Just like it,but it didn't solve the actual problem. https://support.nagios.com/forum/viewto ... =6&t=43576
scottwilkerson
DevOps Engineer
Posts: 19396
Joined: Tue Nov 15, 2011 3:11 pm
Location: Nagios Enterprises
Contact:

Re: CRITICAL: Return code of 255 is out of bounds. (worker:)

Post by scottwilkerson »

Is it possible that any of your workers don't have shared keys with the server? I see it is calling check_by_ssh

This could have it to fail on one worker and not another.
Former Nagios employee
Creator:
Human Design Website
Get Your Human Design Chart
yangzhiyao2653
Posts: 27
Joined: Fri May 18, 2018 1:15 am

Re: CRITICAL: Return code of 255 is out of bounds. (worker:)

Post by yangzhiyao2653 »

I'm sure the worker there is no problem, because I have other queue also performed for the worker.
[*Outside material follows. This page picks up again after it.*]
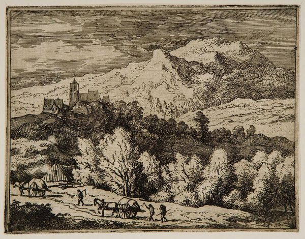 Allart van Everdingen created "The Two Carts" using etching, which allows for intricate details and tonal gradations. The stark contrast between light and shadow immediately captures our attention, creating a dramatic, almost theatrical landscape. The composition is structured around a winding path that leads the eye from the foreground, where two carts are being pulled along, toward a fortified building on a hill and a towering mountain in the background. Everdingen masterfully uses line and texture to distinguish the various elements of the scene. The rough, dense lines of the foliage contrast with the smoother, more delicate lines used to depict the sky and distant mountain. This work invites us to consider how Everdingen uses the semiotic system of landscape to convey not just a scene but a sense of scale and human activity within the vastness of nature. The tension between the detailed foreground and the expansive background challenges fixed perspectives, and the careful arrangement of forms creates a dynamic interplay between depth and surface. It is a testament to how etching can transform a simple scene into a profound visual experience.

I can run the check manually from the worker and have 100% success but Nagios is throwing these errors quite often.
scottwilkerson
DevOps Engineer
Posts: 19396
Joined: Tue Nov 15, 2011 3:11 pm
Location: Nagios Enterprises
Contact:

Re: CRITICAL: Return code of 255 is out of bounds. (worker:)

Post by scottwilkerson »

Is there any errors in the mod_gearman logs on the worker that is having this issue?
Former Nagios employee
Creator:
Human Design Website
Get Your Human Design Chart
yangzhiyao2653
Posts: 27
Joined: Fri May 18, 2018 1:15 am

Re: CRITICAL: Return code of 255 is out of bounds. (worker:)

Post by yangzhiyao2653 »

I think I found the reason, I'm mod_gearman worker set the timeout is 120 s, but see the timeout in the log is 60s, I restarted the service, but still is the result of this.Can you answer my doubts?
In the /etc/mod_gearman2/worker.conf ,the job_timeout=120,but in my mod_gearman_worker is timeout(60s)
scottwilkerson
DevOps Engineer
Posts: 19396
Joined: Tue Nov 15, 2011 3:11 pm
Location: Nagios Enterprises
Contact:

Re: CRITICAL: Return code of 255 is out of bounds. (worker:)

Post by scottwilkerson »

You may need to adjust your service_check_timeout setting in your nagios.cfg and then restart nagios

This is the maximum time nagios will wait for the service to return.
Former Nagios employee
Creator:
Human Design Website
Get Your Human Design Chart
yangzhiyao2653
Posts: 27
Joined: Fri May 18, 2018 1:15 am

Re: CRITICAL: Return code of 255 is out of bounds. (worker:)

Post by yangzhiyao2653 »

I have been configured for 120 seconds before, but the problem is still not improve.
scottwilkerson
DevOps Engineer
Posts: 19396
Joined: Tue Nov 15, 2011 3:11 pm
Location: Nagios Enterprises
Contact:

Re: CRITICAL: Return code of 255 is out of bounds. (worker:)

Post by scottwilkerson »

When you looked at the /etc/mod_gearman2/worker.conf for the job_timeout setting, did you look at the file on all of your workers?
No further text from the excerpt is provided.